**TASK DIRECTIONS:** Print the whole listing below exactly, skipping every picture.

**DATA SECTION:**
+++++

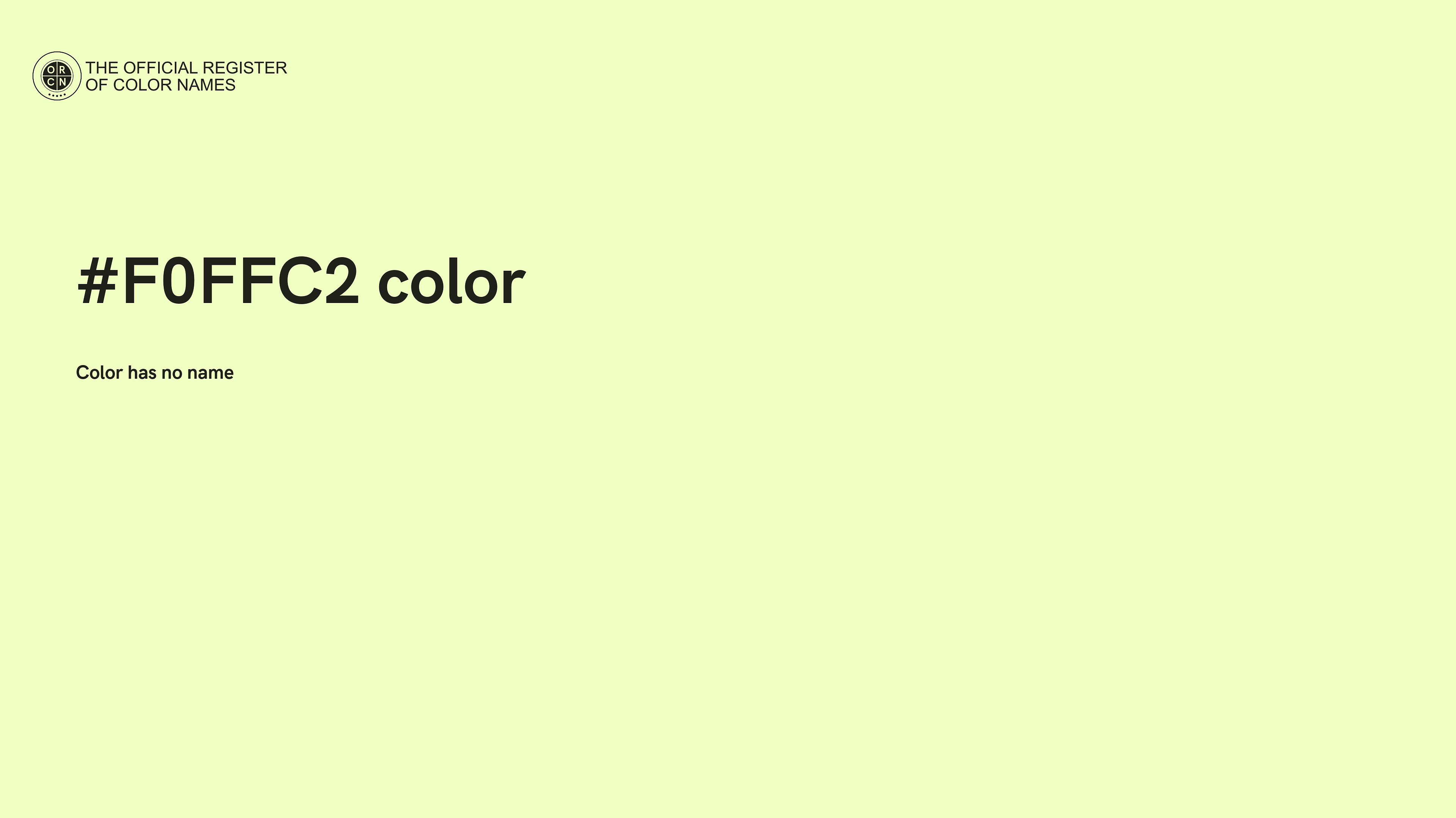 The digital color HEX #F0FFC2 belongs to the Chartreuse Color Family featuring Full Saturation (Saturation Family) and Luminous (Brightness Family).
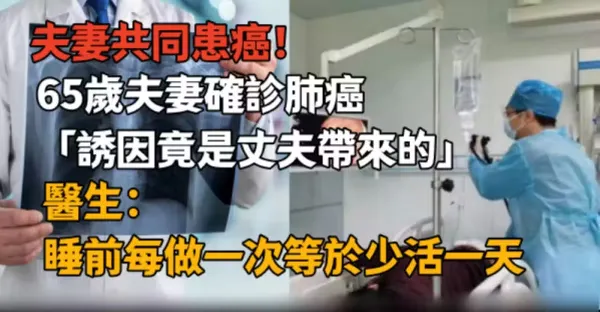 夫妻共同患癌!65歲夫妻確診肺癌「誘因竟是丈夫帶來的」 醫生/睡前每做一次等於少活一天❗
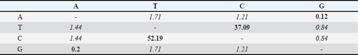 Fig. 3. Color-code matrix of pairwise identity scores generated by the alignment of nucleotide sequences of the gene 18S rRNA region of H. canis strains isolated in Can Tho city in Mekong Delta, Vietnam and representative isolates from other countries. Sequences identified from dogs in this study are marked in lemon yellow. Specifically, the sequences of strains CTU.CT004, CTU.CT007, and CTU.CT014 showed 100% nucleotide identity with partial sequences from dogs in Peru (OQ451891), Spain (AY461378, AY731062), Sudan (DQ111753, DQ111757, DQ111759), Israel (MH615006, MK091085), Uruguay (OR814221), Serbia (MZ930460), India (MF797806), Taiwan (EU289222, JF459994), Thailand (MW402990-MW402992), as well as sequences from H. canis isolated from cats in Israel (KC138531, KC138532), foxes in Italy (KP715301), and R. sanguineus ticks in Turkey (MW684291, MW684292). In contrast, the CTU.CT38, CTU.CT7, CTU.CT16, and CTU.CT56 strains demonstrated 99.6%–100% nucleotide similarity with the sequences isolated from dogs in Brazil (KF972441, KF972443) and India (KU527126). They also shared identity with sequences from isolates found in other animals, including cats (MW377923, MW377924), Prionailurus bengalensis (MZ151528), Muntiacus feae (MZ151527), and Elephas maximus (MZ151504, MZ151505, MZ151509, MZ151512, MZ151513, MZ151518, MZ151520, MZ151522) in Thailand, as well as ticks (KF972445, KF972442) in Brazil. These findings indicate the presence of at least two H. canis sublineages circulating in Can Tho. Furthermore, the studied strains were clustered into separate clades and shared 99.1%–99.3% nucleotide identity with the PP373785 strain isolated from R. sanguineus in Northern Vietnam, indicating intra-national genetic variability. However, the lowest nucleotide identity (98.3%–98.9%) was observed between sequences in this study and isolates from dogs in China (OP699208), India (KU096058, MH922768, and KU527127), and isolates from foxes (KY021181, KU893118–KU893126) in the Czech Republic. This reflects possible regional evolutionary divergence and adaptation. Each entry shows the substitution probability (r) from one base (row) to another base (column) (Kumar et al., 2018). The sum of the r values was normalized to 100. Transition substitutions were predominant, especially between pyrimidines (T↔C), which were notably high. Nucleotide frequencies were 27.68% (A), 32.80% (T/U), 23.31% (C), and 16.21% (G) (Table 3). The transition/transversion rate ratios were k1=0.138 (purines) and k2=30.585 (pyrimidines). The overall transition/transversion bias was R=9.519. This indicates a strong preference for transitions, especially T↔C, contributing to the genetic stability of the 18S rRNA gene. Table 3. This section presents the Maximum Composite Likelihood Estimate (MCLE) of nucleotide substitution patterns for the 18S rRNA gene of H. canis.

+++++

**ANSWER SECTION:**
 The digital color HEX #F0FFC2 belongs to the Chartreuse Color Family featuring Full Saturation (Saturation Family) and Luminous (Brightness Family).
 夫妻共同患癌!65歲夫妻確診肺癌「誘因竟是丈夫帶來的」 醫生/睡前每做一次等於少活一天❗
 Fig. 3. Color-code matrix of pairwise identity scores generated by the alignment of nucleotide sequences of the gene 18S rRNA region of H. canis strains isolated in Can Tho city in Mekong Delta, Vietnam and representative isolates from other countries. Sequences identified from dogs in this study are marked in lemon yellow. Specifically, the sequences of strains CTU.CT004, CTU.CT007, and CTU.CT014 showed 100% nucleotide identity with partial sequences from dogs in Peru (OQ451891), Spain (AY461378, AY731062), Sudan (DQ111753, DQ111757, DQ111759), Israel (MH615006, MK091085), Uruguay (OR814221), Serbia (MZ930460), India (MF797806), Taiwan (EU289222, JF459994), Thailand (MW402990-MW402992), as well as sequences from H. canis isolated from cats in Israel (KC138531, KC138532), foxes in Italy (KP715301), and R. sanguineus ticks in Turkey (MW684291, MW684292). In contrast, the CTU.CT38, CTU.CT7, CTU.CT16, and CTU.CT56 strains demonstrated 99.6%–100% nucleotide similarity with the sequences isolated from dogs in Brazil (KF972441, KF972443) and India (KU527126). They also shared identity with sequences from isolates found in other animals, including cats (MW377923, MW377924), Prionailurus bengalensis (MZ151528), Muntiacus feae (MZ151527), and Elephas maximus (MZ151504, MZ151505, MZ151509, MZ151512, MZ151513, MZ151518, MZ151520, MZ151522) in Thailand, as well as ticks (KF972445, KF972442) in Brazil. These findings indicate the presence of at least two H. canis sublineages circulating in Can Tho. Furthermore, the studied strains were clustered into separate clades and shared 99.1%–99.3% nucleotide identity with the PP373785 strain isolated from R. sanguineus in Northern Vietnam, indicating intra-national genetic variability. However, the lowest nucleotide identity (98.3%–98.9%) was observed between sequences in this study and isolates from dogs in China (OP699208), India (KU096058, MH922768, and KU527127), and isolates from foxes (KY021181, KU893118–KU893126) in the Czech Republic. This reflects possible regional evolutionary divergence and adaptation. Each entry shows the substitution probability (r) from one base (row) to another base (column) (Kumar et al., 2018). The sum of the r values was normalized to 100. Transition substitutions were predominant, especially between pyrimidines (T↔C), which were notably high. Nucleotide frequencies were 27.68% (A), 32.80% (T/U), 23.31% (C), and 16.21% (G) (Table 3). The transition/transversion rate ratios were k1=0.138 (purines) and k2=30.585 (pyrimidines). The overall transition/transversion bias was R=9.519. This indicates a strong preference for transitions, especially T↔C, contributing to the genetic stability of the 18S rRNA gene. Table 3. This section presents the Maximum Composite Likelihood Estimate (MCLE) of nucleotide substitution patterns for the 18S rRNA gene of H. canis.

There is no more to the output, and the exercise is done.